La responsabilité de l’assureur retenue au titre du conseil
Depuis le 1er octobre 2013, les organismes d’assurance ainsi que les intermédiaires doivent, conformément à la recommandation de l’Autorité de contrôle prudentiel et de résolution (ACPR) de janvier 2013 (1), s’assurer que le conseil fourni au client est certes adapté au profil de ce dernier, mais surtout qu’il le demeure tout au long de la durée de vie du contrat.
Cette obligation a été largement contestée par le secteur au motif qu’aucune disposition du Code des assurances n’impose à l’assureur de mettre à jour les éléments de connaissance du client, au point que le régulateur a revu sa copie pour une rédaction quelque peu sibylline : les professionnels doivent actualiser, « en tant que de besoin », les informations recueillies antérieurement afin que le conseil fourni soit adapté au profil du client à l’occasion d’un nouveau versement, d’un rachat partiel ou d’un arbitrage entre supports « lorsque ces opérations sont susceptibles d’entraîner une modification significative du contrat d’assurance vie ». Pour mémoire, le projet de recommandation envisageait de revoir le profil du client à la suite d’une modification de la situation familiale, patrimoniale ou professionnelle ainsi qu’à l’occasion d’une modification significative de l’environnement économique ou législatif.
Une première jurisprudentielle.
L’ACPR n’a pas encore rendu de décision de sanction sur ce sujet. En revanche, les juges n’auront pas eu besoin de s’appuyer sur cette recommandation pour consacrer une obligation de conseil tout au long de la vie du contrat, comme le craignaient les assureurs. « Il appartient au professionnel, tenu à une obligation d’information et de conseil, qui se perpétue au long de l’exécution d’un contrat, d’apporter la preuve qu’il a satisfait à cette obligation. »
Telle est l’affirmation de la Cour d’appel de Paris dans un arrêt du 6 octobre 2013 dans un litige opposant une veuve et sa fille à l’assureur de son défunt. En l’occurrence, la veuve reprochait à un agent général d’avoir manqué à son obligation de conseil et d’information en n’indiquant pas à son client, une fois marié à l’appelante, la possibilité de modifier la clause bénéficiaire de son contrat d’assurance vie souscrit en 1996 au profit du père.
Charge de la preuve.
La Cour d’appel précise que la preuve du respect de ces obligations ne peut être établie par la seule production d’une attestation de l’agent général par laquelle il reconnaît avoir informé son client de cette possibilité lors d’un versement complémentaire. Ce seul témoignage ne peut suffire dans la mesure où cette information a été délivrée oralement au client. Elle ajoute également que les arguments de l’assureur visant à montrer que le souscripteur était compétent en assurances et n’avait nullement besoin d’être conseillé et enfin n’avait pas l’intention d’assurer à sa femme et à sa fille une protection financière, sont inopérants.

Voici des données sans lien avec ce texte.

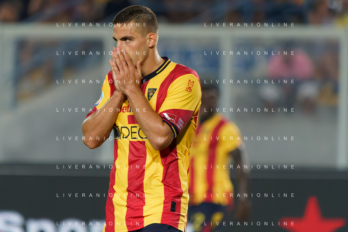 Nikola Krstovic (US Lecce) during the Italian soccer Serie A match US Lecce vs US Salernitana 1919 on September 3, 2023 at Via del Mare Stadium in Lecce, Italy. Photo by Emmanuele Mastrodonato/ag. Aldo Liverani sas/AGENZIA ALDO LIVERANI SAS
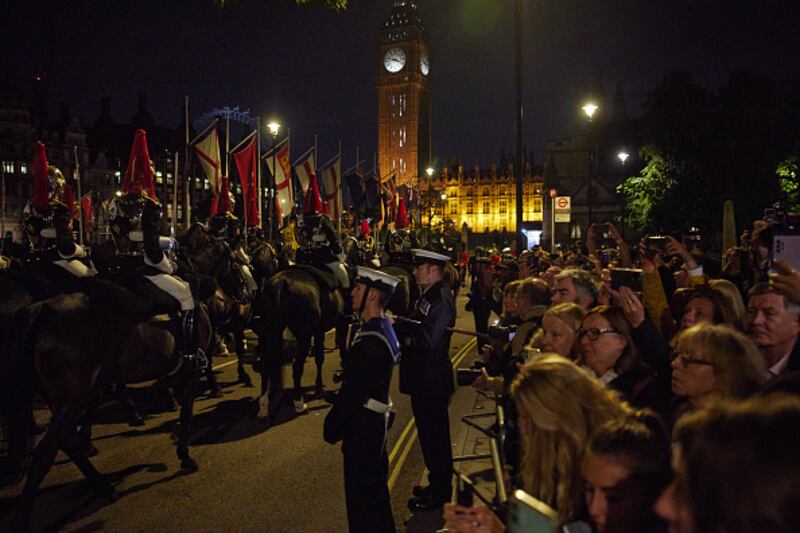 Photos: Queen Elizabeth II lies in state as thousands wait through night to pay respects A crowd looks on as soldiers march through Parliament Square during a rehearsal on September 15, 2022, for Queen Elizabeth II's funeral in London. (Alex McBride/Getty Images)

En effet, le fait que le client soit directeur financier d’une concession automobile et suive les contrats d’assurance de l’entreprise ne permet pas d’établir une compétence particulière en assurance vie. Enfin, la veuve a apporté la preuve, par des attestations, de la volonté du défunt de protéger financièrement sa conjointe et sa fille.
(1) Recommandation n°2013-R-01 du 8 janvier 2013 sur le recueil des informations relatives à la connaissance du client dans le cadre du devoir de conseil en assurance vie.
CA Paris, n°12/00558 du 8 octobre 2013.